Шикович ошибался в одном: он считал, что всем этим делом по-настоящему занят только он. Да Ярош помогает ему. И все. На самом деле подпольем занимались многие люди, по разным линиям. Его поиски, может быть, явились только тем «катализатором», который ускорил «реакцию». Пришло время, и он понял это.
Уже наступил ноябрь и за окном летали белые мухи, когда позвонил Сербановский. Кирилл давно не виделся с капитаном и почти потерял надежду, что тот сможет чем-нибудь ему помочь. Сербановский просил завтра зайти к нему.
— А сегодня нельзя? — в нетерпении спросил Шикович.

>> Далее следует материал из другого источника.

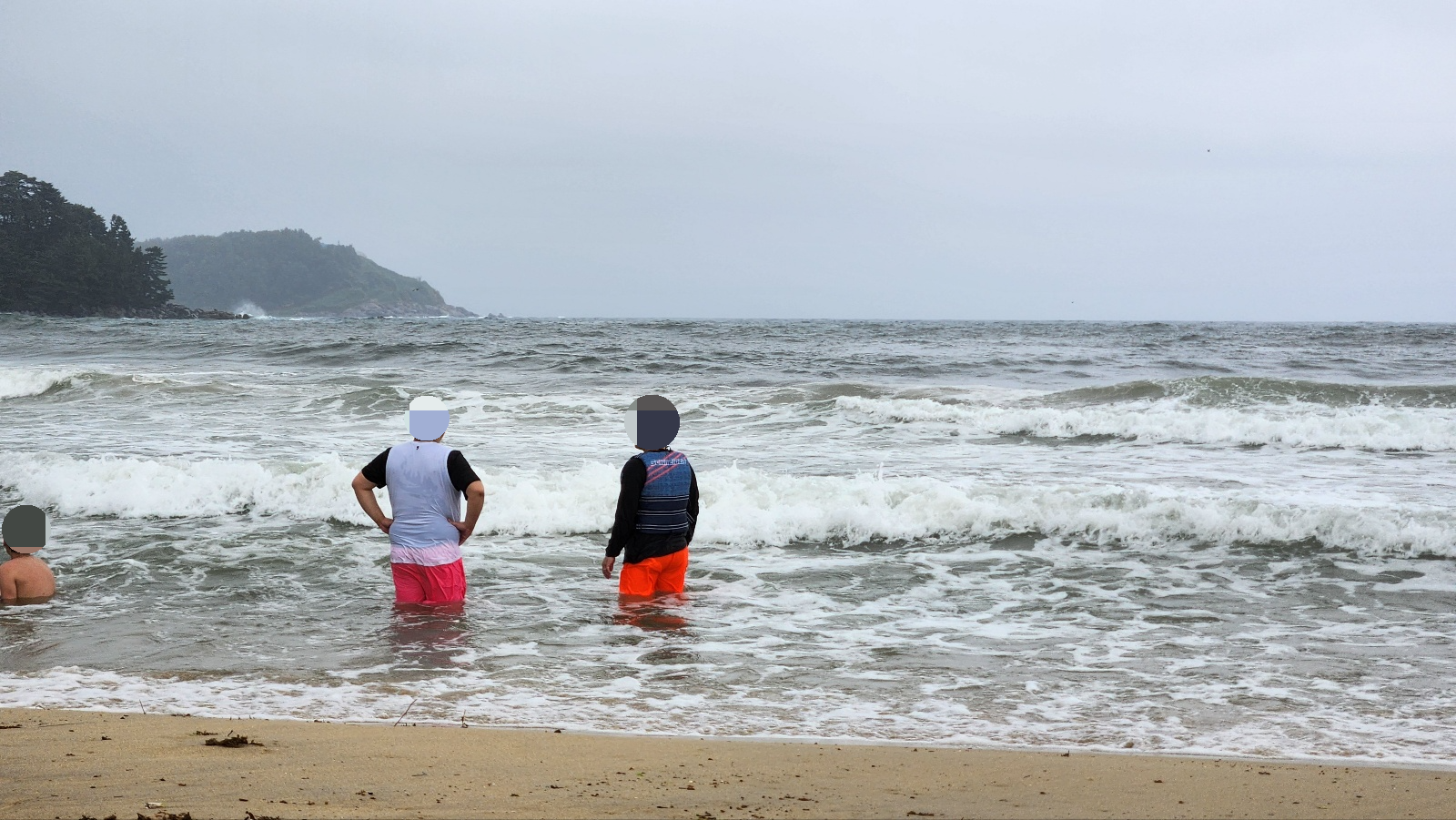 경보문자 계속 올만한게 풍랑이 장난아니었어요.. 파도가 무섭고 물이 흙탕물이 되어버림.. 그래도 비 맞으면서 해수욕 잘 즐겼어요~!

— Нет, завтра. В одиннадцать.
Капитан за это время стал майором. Но, казалось, еще сильнее похудел: глубже запали глаза и как будто больше стали уши — оттопырились, словно он настороженно вслушивался в обманчивую тишину. Пожимая ему руку, Шикович ощутил мозоли на его ладони, вспомнил о больной жене и пожалел этого серьезного и; очевидно, упорного в любом деле человека. Однако Сербановский встретил его неожиданно бодро и оживленно, с добрым дружеским расположением.
— Что слышно, Кирилл Васильевич?
— По группе железнодорожников нашел гору новых документов, по группе Савича… — Шикович развел руками. — Помимо всего прочего, эти люди здорово умели молчать.

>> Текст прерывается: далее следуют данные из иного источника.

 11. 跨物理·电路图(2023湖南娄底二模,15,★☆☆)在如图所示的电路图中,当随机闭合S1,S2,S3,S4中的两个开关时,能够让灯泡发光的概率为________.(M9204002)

— Да, — согласился чекист. — Не ради славы они боролись. И не думали, что нам с вами придется не спать ночами, чтоб расследовать их деятельность.
Не прерывая беседы, майср набрал номер телефона, кратко приказал:
— Арестованного Дымаря ко мне. Шикович оживился:
— Что-нибудь новое?
— Сейчас увидите и услышите, — улыбнулся Сербановский. Встал из-за стола, подошел к окну и открыл форточку. — Как ваш друг Ярош поживает?
Шикович насторожился: не дошла ли и сюда, в этот старый особняк, сплетня о связи Антона с Зосей? Ответил шуткой:
— Режет людей без жалости.
— Мне Вагин рассказывал, здорово он выступил на сессии. Молодчина!
— Да, пришлось кое-кому поскрести в затылке.
Постучали в дверь.
— Войдите! — крикнул Сербановский. Быстро взял стоявший у стены стул, поставил к столу с другой стороны. Кивнул Шиковичу:
— Сюда, пожалуйста. Кирилл поспешно пересел.
Он ожидал увидеть громилу с бандитской мордой, а в дверях стоял старик, седой, сухопарый, с покорно-добродетельным выражением лица. За спиной его высилась крепкая фигура солдата с автоматом на груди. Конвоир начал докладывать:
— Товарищ майор…
Сербановский остановил его движением руки:
— Посидите в коридоре.
— Слушаюсь, товарищ майор! — Щелкнули каблуки, бесшумно затворилась дверь.
Старик, как бы вдруг вспомнив, сорвал с головы кепку.